The Vatican spokesperson, Jesuit Fr. Federico Lombardi, released a statement about the Vatican's new role in the project Friday in six languages -- Italian, French, German, Spanish, English and Arabic, a sure sign he wanted it to be picked up everywhere, perhaps especially in the Arab world.

Lombardi said the Vatican "looks with favor" on the center's aim, which is to promote dialogue among religions and cultures.

Officially, the center is not affiliated with the Saudi government but is co-sponsored by three different states: Saudi Arabia, Austria and Spain. It's also officially recognized by the United Nations.

Nonetheless, it's named for the Saudi king and was founded by him in October 2011, supposedly inspired by a Nov. 6, 2007, meeting with Benedict XVI. It's controversial, largely because Saudi Arabia itself is hardly seen as a paragon of religious tolerance and pluralism. It's a country governed by shariah law, where a burgeoning Christian population, composed mostly of ex-pats from places such as the Philippines, Lebanon, India, Nigeria and other points of the compass, suffers various forms of de jure and de facto discrimination.
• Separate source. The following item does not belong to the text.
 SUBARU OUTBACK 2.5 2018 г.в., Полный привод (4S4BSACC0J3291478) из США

Other religious minorities, including important cohorts of Shi'ites and Sikhs, don't have it any better.

Bishop Camillo Ballin, the Apostolic Vicar of Northern Arabia, recently told me there are now 1.5 million Catholics alone inside Saudi Arabia, 1.2 million of who are Filipinos.

Given that background, some critics have styled the center in Vienna as a PR exercise designed to clean up Saudi Arabia's image internationally without undertaking any significant reforms internally.
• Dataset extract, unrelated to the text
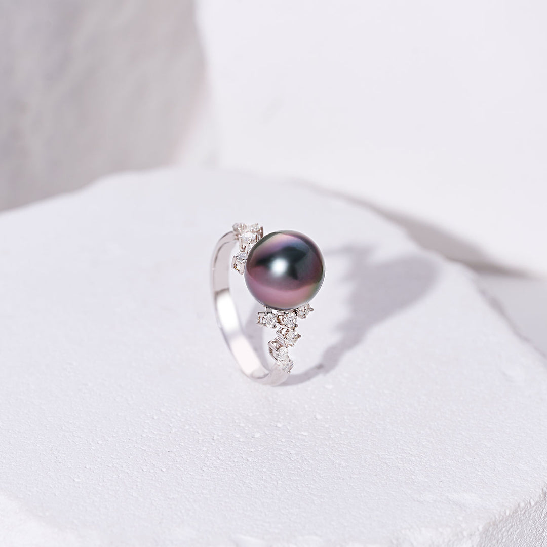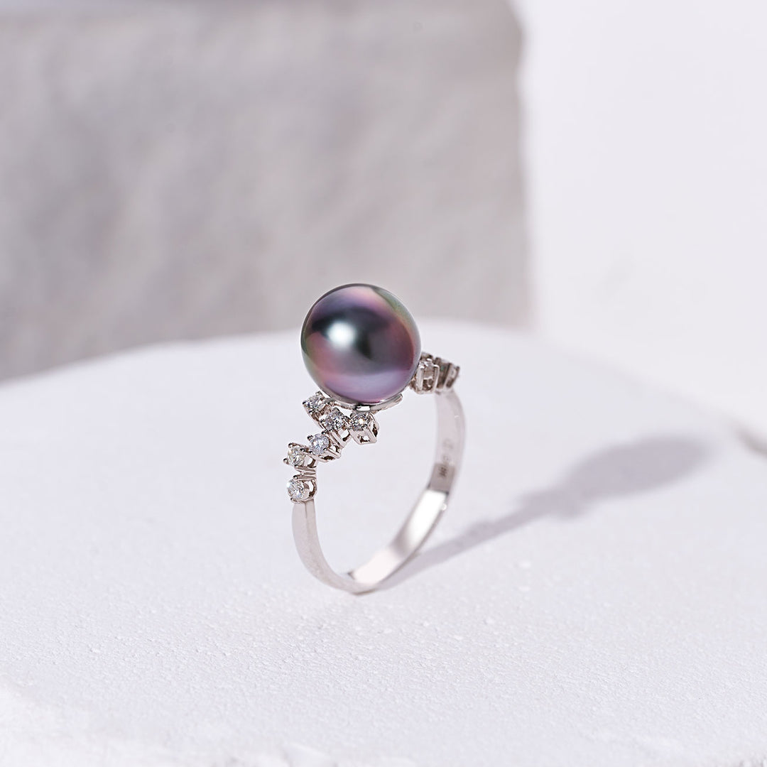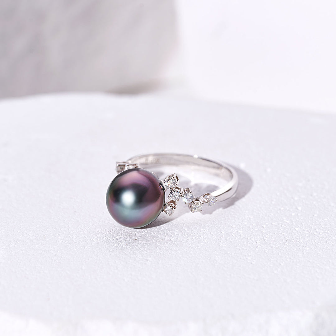 18K Diamond Tahitian Pearl Ring KR00139 - PEARLY LUSTRE

In fact, Lombardi's statement Friday was, to some extent, an attempt to short-circuit charges that the Vatican is allowing itself to be used by signing on to the Saudi initiative.
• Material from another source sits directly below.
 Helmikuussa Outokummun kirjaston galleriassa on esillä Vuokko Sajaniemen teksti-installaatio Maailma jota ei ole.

While saying that the center provides an important "opportunity and space for dialogue" and that any effort to promote peaceful co-existence is "a basic and urgent need for the humanity of today and tomorrow," Lombardi also suggested the Vatican will use its platform to press issues of religious freedom.

"Naturally, the Holy See ... shall not fail to bring to light her concerns for the effective respect of the fundamental rights of Christians who live in countries with a Muslim majority," he said, "in order to promote authentic and integral religious liberty."

"In this way, the new center at Vienna shall offer a space capable of receiving the expressions and manifestations of the church's concerns in these regards, and for working efficaciously toward viable solutions to related problems as they arise."

Of course, it's not the Saudis that stand to score some PR points from bringing the Vatican on board. The Vatican, too, has something to gain.

In Rome, the feeling is that after a rough start with Muslims at the beginning of his papacy -- most famously, his lecture in Regensburg, which set off a firestorm of protest by appearing to link Muhammad with violence -- Benedict XVI has made up a lot of ground. The pope has been well received by Muslim leaders during his four voyages to the Middle East and has proposed an "Alliance of Civilizations" with Christians and Muslims standing shoulder-to-shoulder against radical secularism.

Yet Vatican officials often complain that this message has not yet really reached the Muslim "street," where Benedict XVI is still sometimes seen with ambivalence and suspicion. The Vatican's willingness to lend its support to a Saudi initiative, therefore, may also be part of an effort to rehabilitate the pope's image in Muslim circles.

Certainly the fact that the Vatican went out of its way to release Friday's statement in Arabic suggests fairly clearly who they're hoping will get the message.